EXTRACTED MATERIAL Start Marker
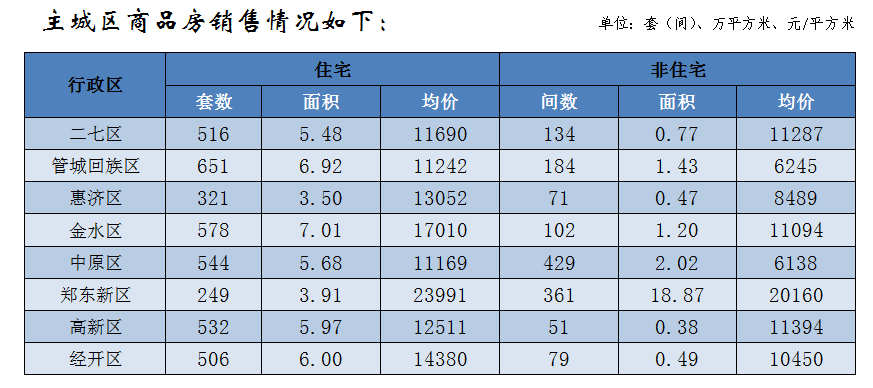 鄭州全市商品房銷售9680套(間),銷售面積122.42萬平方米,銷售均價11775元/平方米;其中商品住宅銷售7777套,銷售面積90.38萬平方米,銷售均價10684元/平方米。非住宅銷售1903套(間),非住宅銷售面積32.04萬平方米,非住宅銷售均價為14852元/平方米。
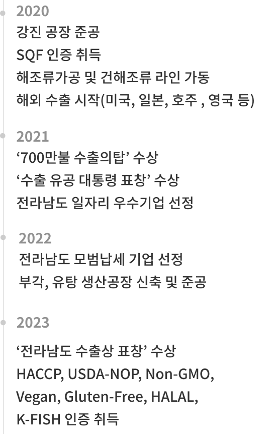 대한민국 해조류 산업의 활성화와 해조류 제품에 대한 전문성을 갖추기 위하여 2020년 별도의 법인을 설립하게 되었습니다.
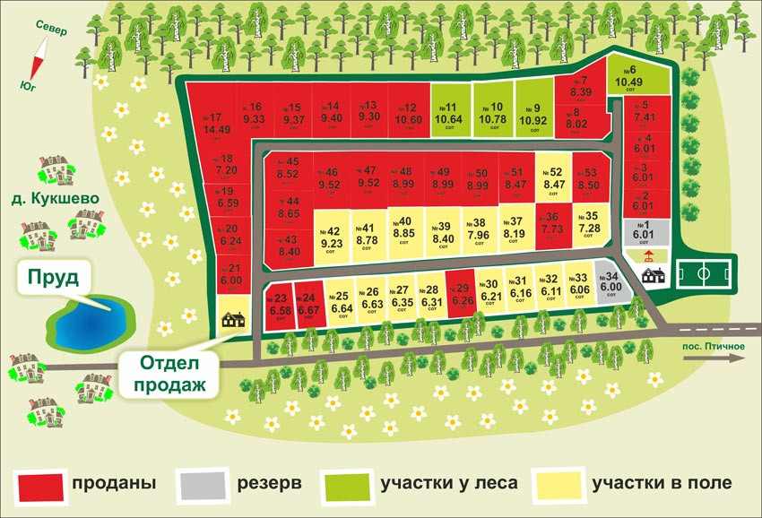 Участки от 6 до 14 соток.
EXTRACTED MATERIAL End Marker
EXTRACTED MATERIAL Start Marker
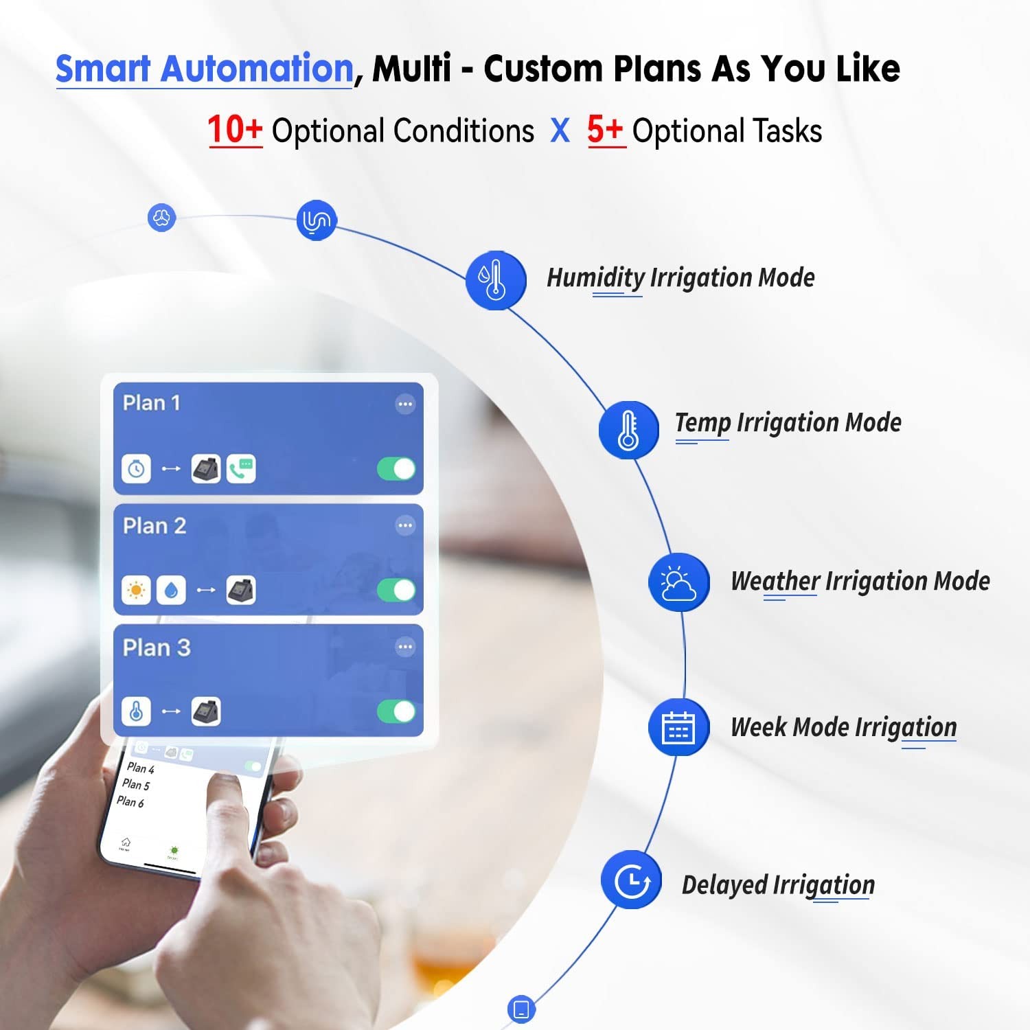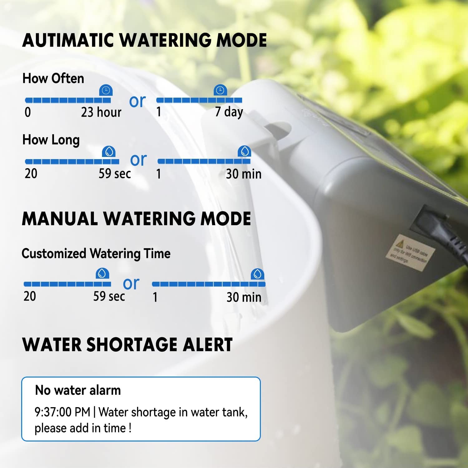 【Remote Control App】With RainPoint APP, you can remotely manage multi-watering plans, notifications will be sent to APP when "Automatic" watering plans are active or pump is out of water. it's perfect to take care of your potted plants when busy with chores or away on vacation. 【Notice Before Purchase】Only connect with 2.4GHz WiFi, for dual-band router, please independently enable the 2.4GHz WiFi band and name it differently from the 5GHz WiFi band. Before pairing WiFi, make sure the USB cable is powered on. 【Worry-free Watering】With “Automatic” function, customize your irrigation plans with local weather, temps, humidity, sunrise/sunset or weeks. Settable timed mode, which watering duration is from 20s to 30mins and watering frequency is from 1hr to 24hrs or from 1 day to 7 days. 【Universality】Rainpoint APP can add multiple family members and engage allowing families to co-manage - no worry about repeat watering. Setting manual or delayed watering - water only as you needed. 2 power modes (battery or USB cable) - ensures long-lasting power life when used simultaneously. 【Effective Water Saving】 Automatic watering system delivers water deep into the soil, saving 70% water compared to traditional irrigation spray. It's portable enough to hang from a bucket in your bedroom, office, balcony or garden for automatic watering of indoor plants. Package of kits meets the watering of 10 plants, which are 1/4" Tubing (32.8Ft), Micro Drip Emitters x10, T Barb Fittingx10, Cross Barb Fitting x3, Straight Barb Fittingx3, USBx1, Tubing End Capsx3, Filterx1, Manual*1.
EXTRACTED MATERIAL End Marker
TASK DIRECTIONS:
Print the part of the listing above that opens with the line containing "鄭州全市商品房銷售9680套" and closes with the line containing "Участки от 6 до 14 соток.". Copy it exactly, both ends included, and omit the pictures.

ANSWER FOR THIS EXERCISE:
 鄭州全市商品房銷售9680套(間),銷售面積122.42萬平方米,銷售均價11775元/平方米;其中商品住宅銷售7777套,銷售面積90.38萬平方米,銷售均價10684元/平方米。非住宅銷售1903套(間),非住宅銷售面積32.04萬平方米,非住宅銷售均價為14852元/平方米。
 대한민국 해조류 산업의 활성화와 해조류 제품에 대한 전문성을 갖추기 위하여 2020년 별도의 법인을 설립하게 되었습니다.
 Участки от 6 до 14 соток.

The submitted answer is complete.